La violación del LAUSD del Día del Trabajo causó graves interrupciones en el correo electrónico, las computadoras y las aplicaciones en todo el condado. No está claro qué datos sobre los estudiantes o el personal extrajeron los atacantes.

Existe una tendencia significativa hacia los ataques de ransomware en la educación, un área muy sensible. La naturaleza temporal de los estudiantes hace que las cuentas y las contraseñas sean vulnerables a los ataques. El entorno abierto que crean las escuelas para fomentar la exploración de los estudiantes y la relativa ingenuidad de la industria en lo que respecta a la ciberseguridad están impulsando los ataques.

La rotura en LAUSD y lo que sucedió después.

Cuatro días después del hackeo, se informó que en los meses previos al ataque, los perpetradores habían proporcionado las credenciales de la cuenta de red del distrito escolar para venderlas en la dark web. Las credenciales robadas incluían una dirección de correo electrónico que terminaba en @lausd.net como nombre de usuario y contraseña comprometidos.

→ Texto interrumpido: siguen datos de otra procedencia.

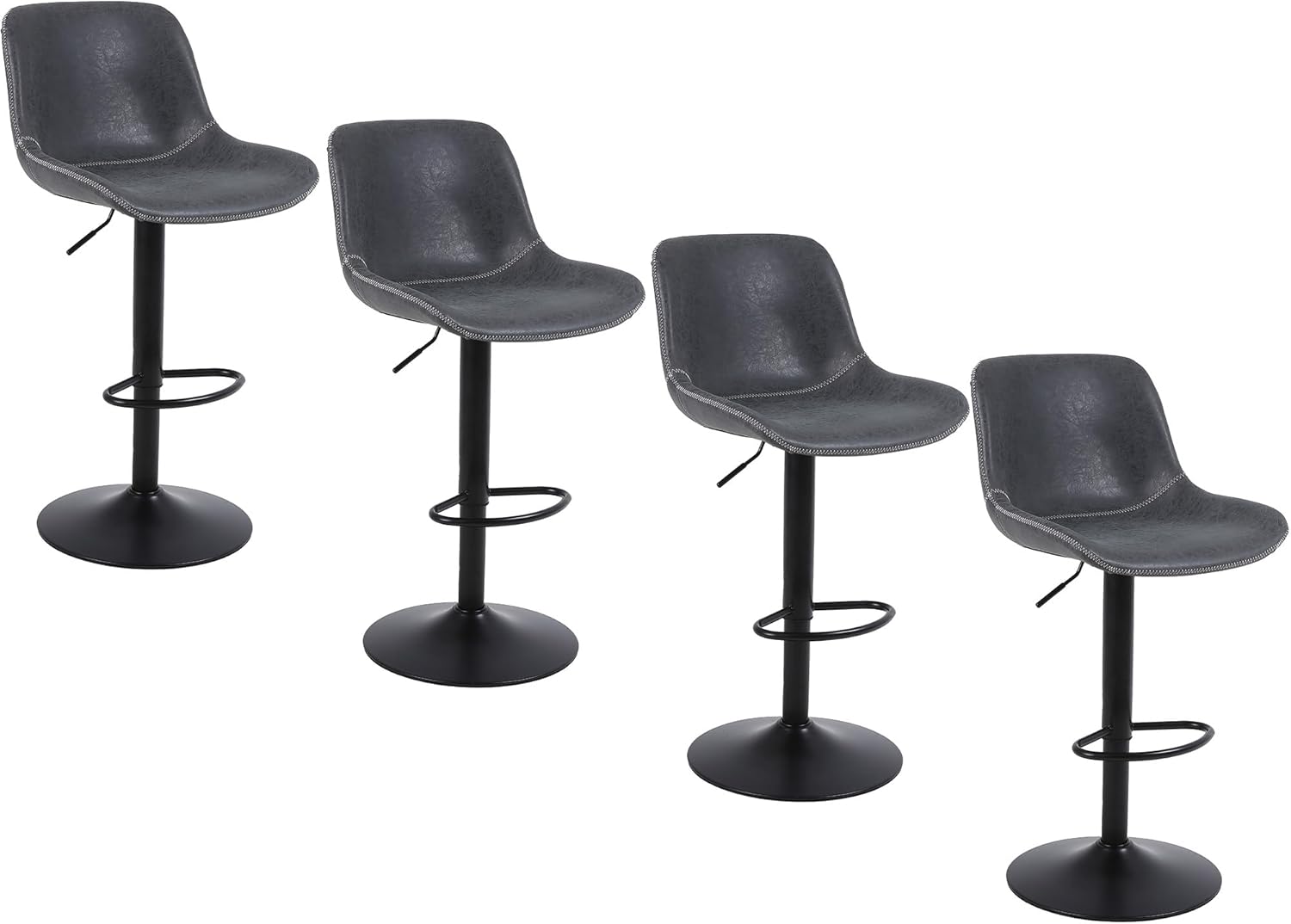 Bar Stools, Swivel Counter Height Barstools with Back, Adjustable Modern Bar Chairs, Tall Armless PU Leather Kitchen Island Stool (Black 02, Set of 4)

LAUSD respondió en una actualización que "se centró en los inicios de sesión de correo electrónico pirateados que se encuentran en sitios web maliciosos no relacionados con este ataque, como lo demuestran los investigadores federales". El informe de violación de LAUSD confirma que el FBI y CISA están investigando. El FBI y CISA, así como la evidencia relacionada con el hackeo, confirman que los atacantes probablemente usaron credenciales pirateadas para obtener acceso inicial a la red de LAUSD para obtener el control. Las contraseñas son cada vez más privilegiadas. El FBI y CISA supervisan el grupo de ransomware Vice Society, que admitió un ataque TTP, que implica "elevar privilegios y luego acceder a una cuenta de administrador de dominio". El equipo de ransomware usó scripts para cambiar las contraseñas de las cuentas en línea para que la organización de la víctima no pudiera reparar la brecha.

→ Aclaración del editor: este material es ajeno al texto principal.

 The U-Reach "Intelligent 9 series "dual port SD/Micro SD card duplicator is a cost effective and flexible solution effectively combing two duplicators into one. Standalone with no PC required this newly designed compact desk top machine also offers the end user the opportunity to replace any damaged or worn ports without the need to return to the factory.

Como se explica en el aviso del FBI y CISA, "es probable que los miembros de Vice Society obtengan acceso inicial a la web debido a credenciales comprometidas al usar aplicaciones web". LAUSD alienta a los titulares de cuentas a acceder a MyData en https://mydata.lausd.net utilizando sus credenciales de SSO (es decir, nombre de usuario y contraseña de correo electrónico). enviado por correo electrónico al LAUSD). Una forma de asegurarse de que SSO funcione es ir a la sección "Inside LAUSD" de la página de inicio de LAUSD www.lausd.net".

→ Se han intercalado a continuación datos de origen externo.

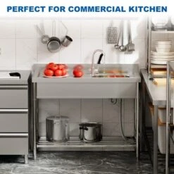 TROPOW Silver Stainless Steel Utility Sink – Freestanding Single Bowl For Kitchen/Laundry/Garage

La página de inicio, el correo electrónico y el inicio de sesión único son aplicaciones vulnerables al acceder a Internet. Los Hackers que acceden a correos electrónicos con contraseñas comprometidas pueden usar el inicio de sesión único para acceder a los datos a través de MyData y cualquier aplicación que permita el acceso de inicio de sesión único. Después del hackeo, LAUSD requirió que el personal y los estudiantes restablecieran sus contraseñas en el sitio web del distrito para el sufijo de correo electrónico @LAUSD.net antes de que pudieran iniciar sesión en sus sistemas. Esto es lo que harán en caso de que se descifre la contraseña del correo electrónico para evitar más infracciones.

Hay un aumento de los ataques de ransomware en la educación este año.

Los grupos de ransomware a menudo atacan la educación, lo que lleva al acceso no autorizado y al robo de identidad del personal y los estudiantes. La aceptación de los maestros, el personal y los estudiantes para trabajar y aprender en línea ha ampliado el panorama de amenazas: los ataques de ransomware educativo han ido en aumento desde 2019.

El FBI confirma la venta de contraseñas educativas pirateadas, incluidos anuncios oscuros en línea de 2000 nombres de usuario y contraseñas de universidades estadounidenses. En los Estados Unidos en el sufijo de dominio .edu en 2020. En 2021, el FBI identificó 36 000 combinaciones de direcciones de correo electrónico y contraseñas para dominios .edu en la plataforma pública de mensajería instantánea.

Este año, el FBI descubrió que varios foros rusos sobre delitos cibernéticos vendieron o divulgaron credenciales de red y acceso VPN a "varias universidades e instituciones de educación superior identificadas" en los Estados Unidos. UU., algunos de los cuales tienen capturas de pantalla como prueba de acceso”.